- **The data**
━━━━━━━━━━━━━━━━

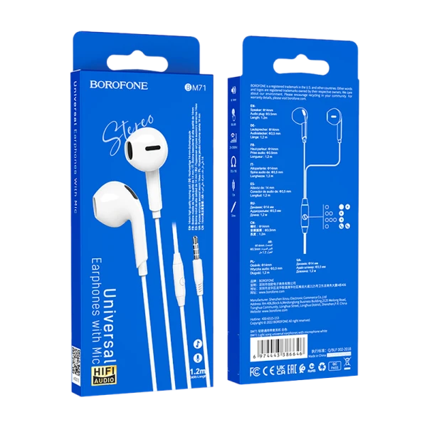 Наушники вставные Borofone BM71 с микр. белый (1/76/304)
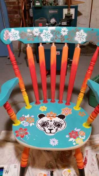 El producto final pintado y contento con la silla general. Muy temerosos de exageración en este punto. Tomé la silla fuera después de que se seque completamente. (honestamente dejé que sientan más y un día) Entonces llevó a con el poliuretano semi brillante para sellar, proteger y dar un brillo.
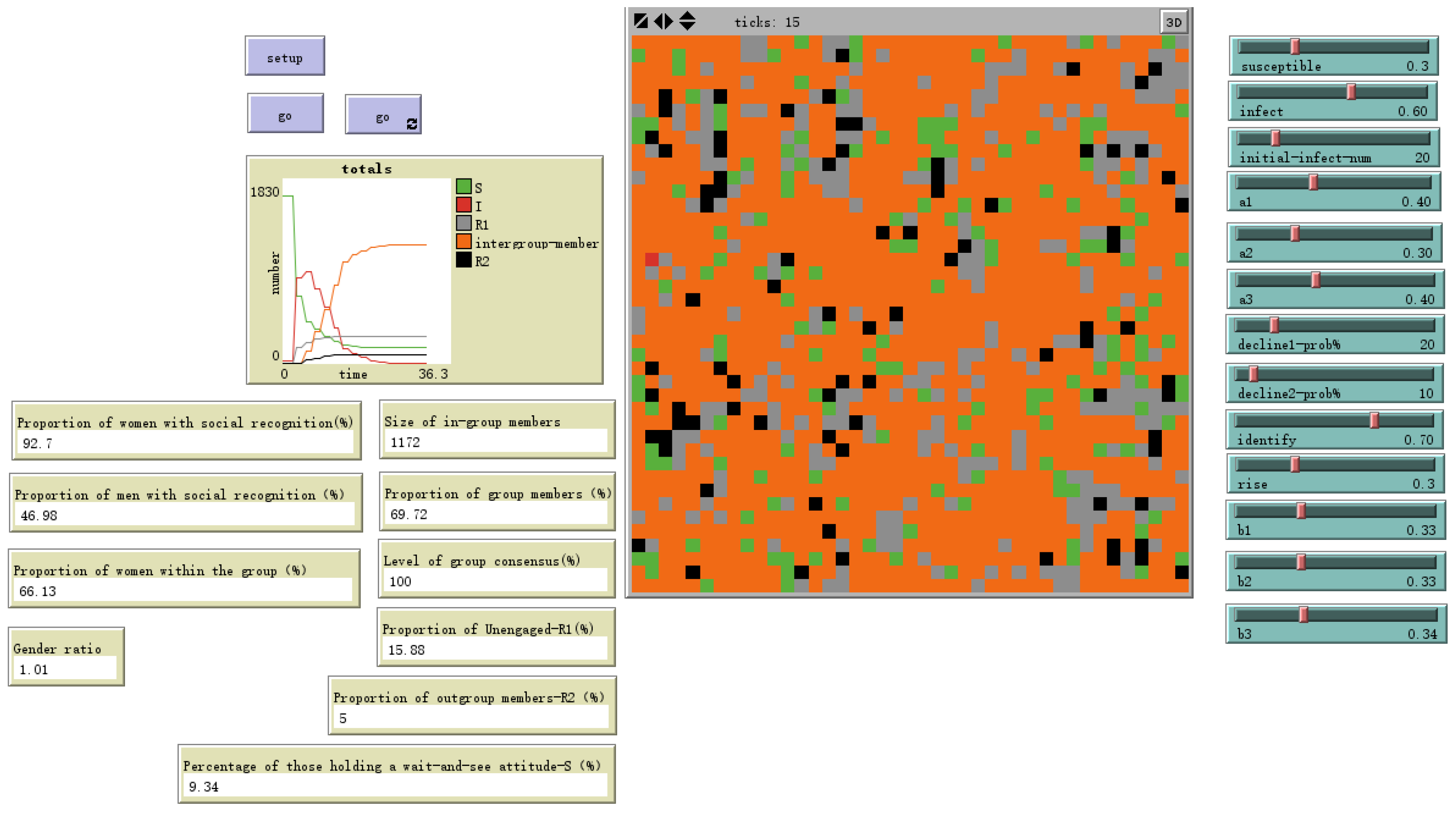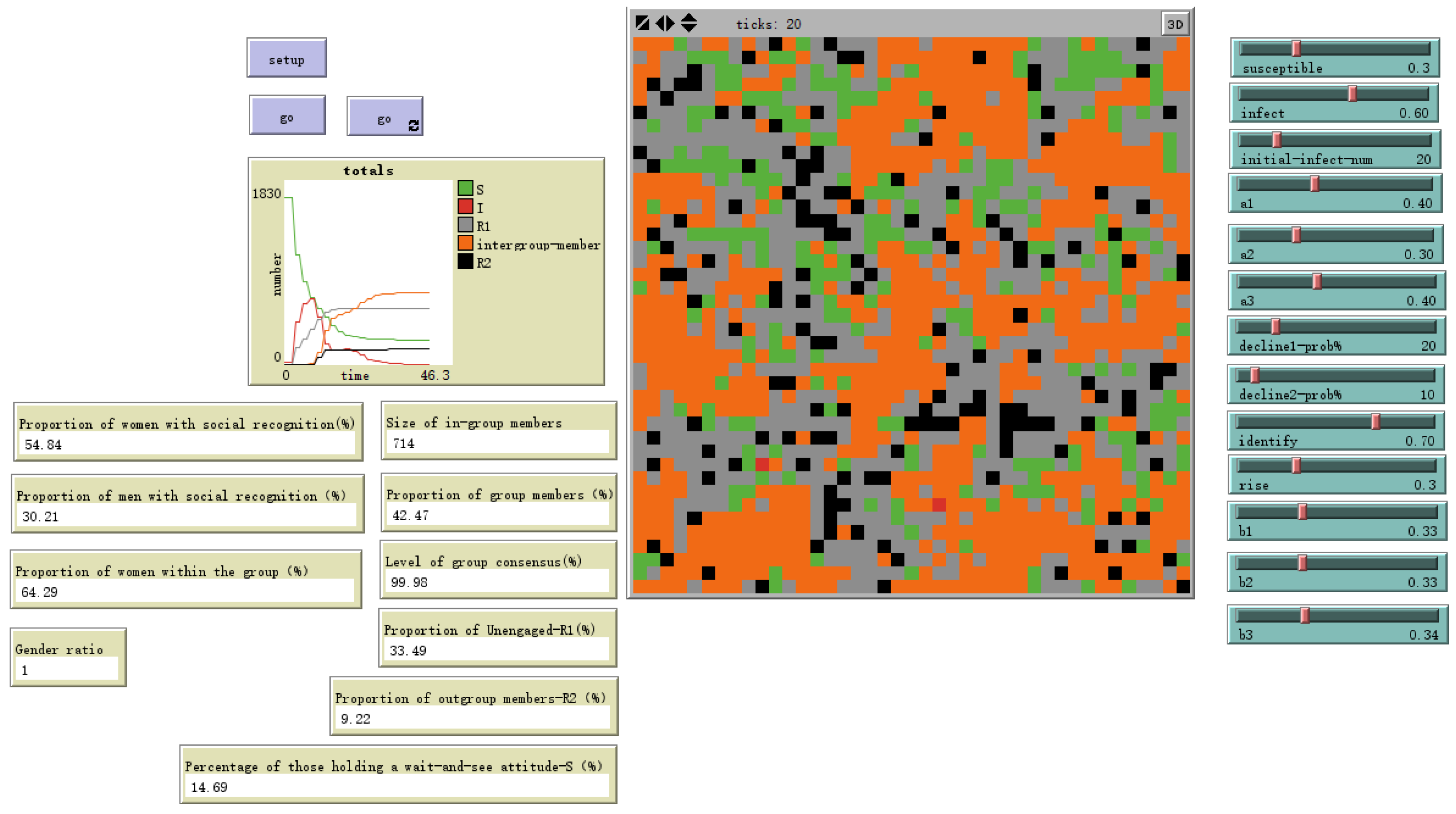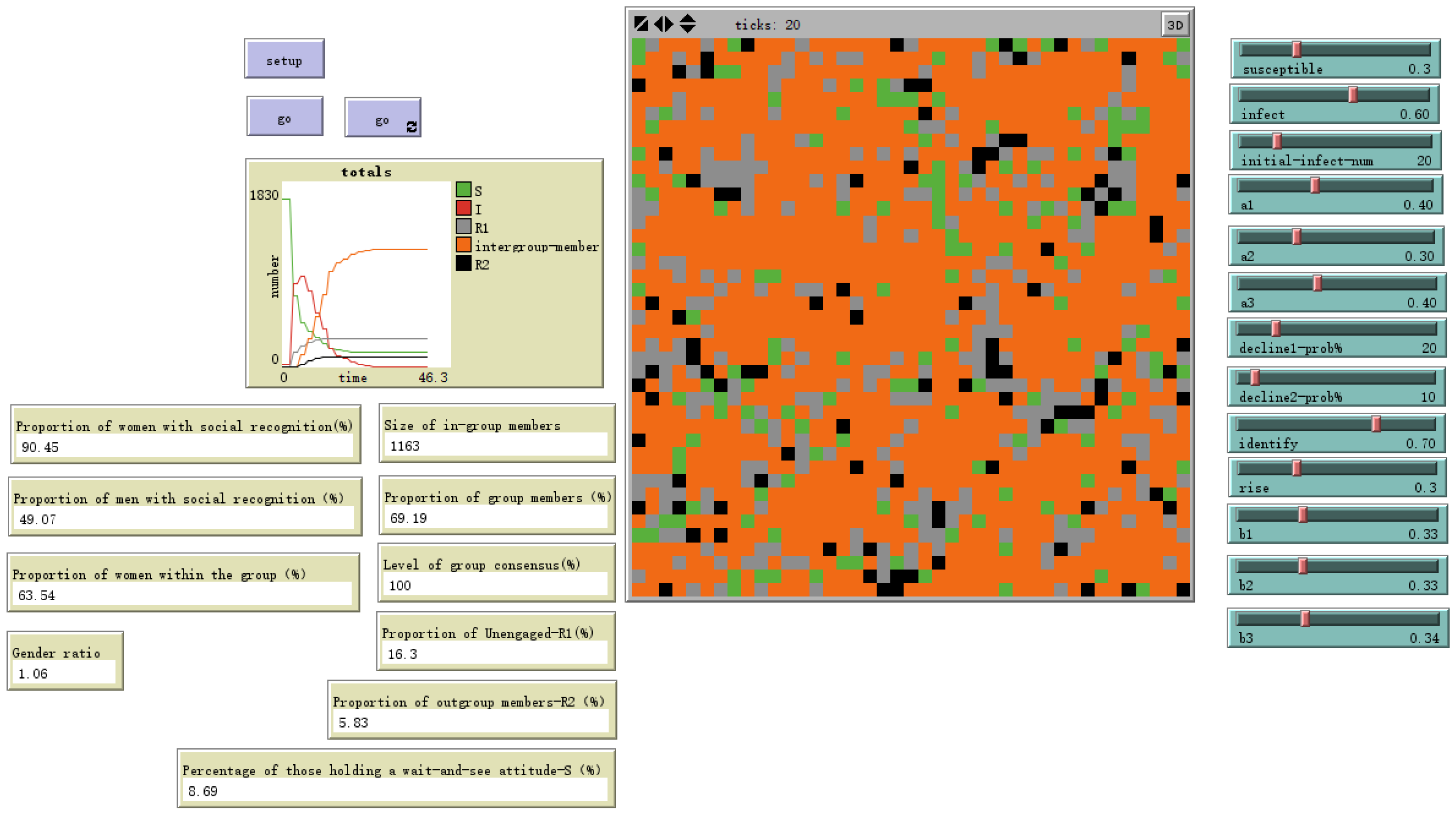 - In-group (69.72%): Individuals who develop stable social identification aligned with emerging group consensus through emotional contagion and cognitive formation processes, i.e., I-state individuals (orange tiles).

━━━━━━━━━━━━━━━━

Transcribe the whole listing above exactly and leave out the pictures.

 Наушники вставные Borofone BM71 с микр. белый (1/76/304)
 El producto final pintado y contento con la silla general. Muy temerosos de exageración en este punto. Tomé la silla fuera después de que se seque completamente. (honestamente dejé que sientan más y un día) Entonces llevó a con el poliuretano semi brillante para sellar, proteger y dar un brillo.
 - In-group (69.72%): Individuals who develop stable social identification aligned with emerging group consensus through emotional contagion and cognitive formation processes, i.e., I-state individuals (orange tiles).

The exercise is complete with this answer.